• Task item: Find the line that holds "The simulated CHIMERE-EMEP" in the material below. Output that line and each one after it exactly, but not the pictures.

• Source material:
====

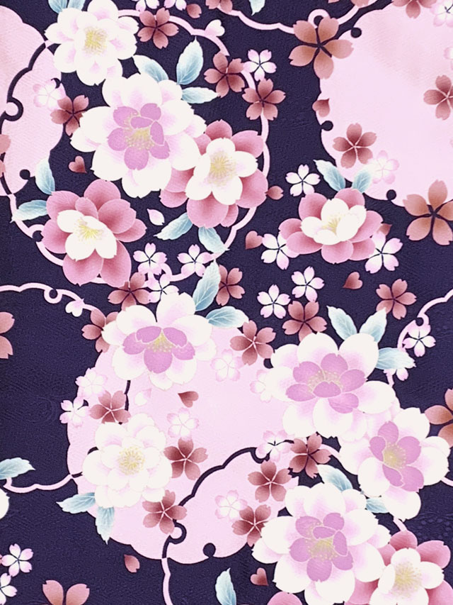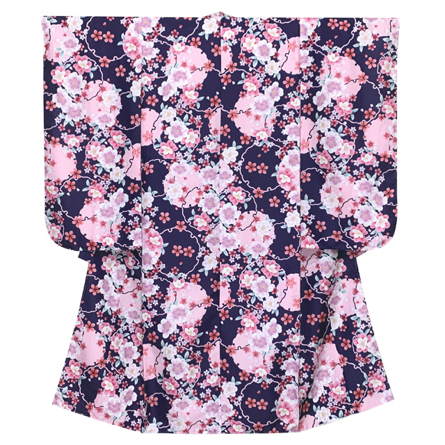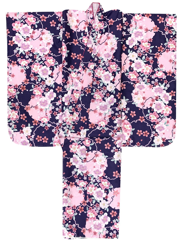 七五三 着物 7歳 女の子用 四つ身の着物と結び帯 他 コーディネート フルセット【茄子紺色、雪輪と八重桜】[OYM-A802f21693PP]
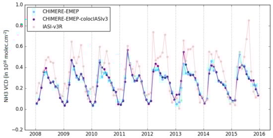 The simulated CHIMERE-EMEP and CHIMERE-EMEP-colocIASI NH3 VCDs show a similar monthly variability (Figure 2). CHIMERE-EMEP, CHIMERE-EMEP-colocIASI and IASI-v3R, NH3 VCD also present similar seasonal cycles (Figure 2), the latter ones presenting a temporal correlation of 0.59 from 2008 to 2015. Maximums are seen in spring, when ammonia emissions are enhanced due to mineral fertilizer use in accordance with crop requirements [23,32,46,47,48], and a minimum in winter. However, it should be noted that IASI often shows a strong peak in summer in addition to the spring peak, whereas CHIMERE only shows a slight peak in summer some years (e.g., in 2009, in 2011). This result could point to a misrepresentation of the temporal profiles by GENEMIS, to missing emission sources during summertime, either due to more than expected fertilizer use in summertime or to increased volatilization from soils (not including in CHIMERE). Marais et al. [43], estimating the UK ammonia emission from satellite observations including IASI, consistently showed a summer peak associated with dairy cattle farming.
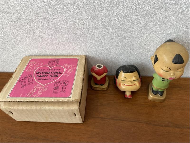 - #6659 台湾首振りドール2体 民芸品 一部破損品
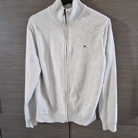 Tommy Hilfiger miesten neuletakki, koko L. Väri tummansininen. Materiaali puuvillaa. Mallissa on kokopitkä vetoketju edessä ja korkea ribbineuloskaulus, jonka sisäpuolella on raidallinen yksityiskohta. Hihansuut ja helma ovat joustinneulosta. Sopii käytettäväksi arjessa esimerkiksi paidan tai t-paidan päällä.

====

• Written solution:
 The simulated CHIMERE-EMEP and CHIMERE-EMEP-colocIASI NH3 VCDs show a similar monthly variability (Figure 2). CHIMERE-EMEP, CHIMERE-EMEP-colocIASI and IASI-v3R, NH3 VCD also present similar seasonal cycles (Figure 2), the latter ones presenting a temporal correlation of 0.59 from 2008 to 2015. Maximums are seen in spring, when ammonia emissions are enhanced due to mineral fertilizer use in accordance with crop requirements [23,32,46,47,48], and a minimum in winter. However, it should be noted that IASI often shows a strong peak in summer in addition to the spring peak, whereas CHIMERE only shows a slight peak in summer some years (e.g., in 2009, in 2011). This result could point to a misrepresentation of the temporal profiles by GENEMIS, to missing emission sources during summertime, either due to more than expected fertilizer use in summertime or to increased volatilization from soils (not including in CHIMERE). Marais et al. [43], estimating the UK ammonia emission from satellite observations including IASI, consistently showed a summer peak associated with dairy cattle farming.
 - #6659 台湾首振りドール2体 民芸品 一部破損品
 Tommy Hilfiger miesten neuletakki, koko L. Väri tummansininen. Materiaali puuvillaa. Mallissa on kokopitkä vetoketju edessä ja korkea ribbineuloskaulus, jonka sisäpuolella on raidallinen yksityiskohta. Hihansuut ja helma ovat joustinneulosta. Sopii käytettäväksi arjessa esimerkiksi paidan tai t-paidan päällä.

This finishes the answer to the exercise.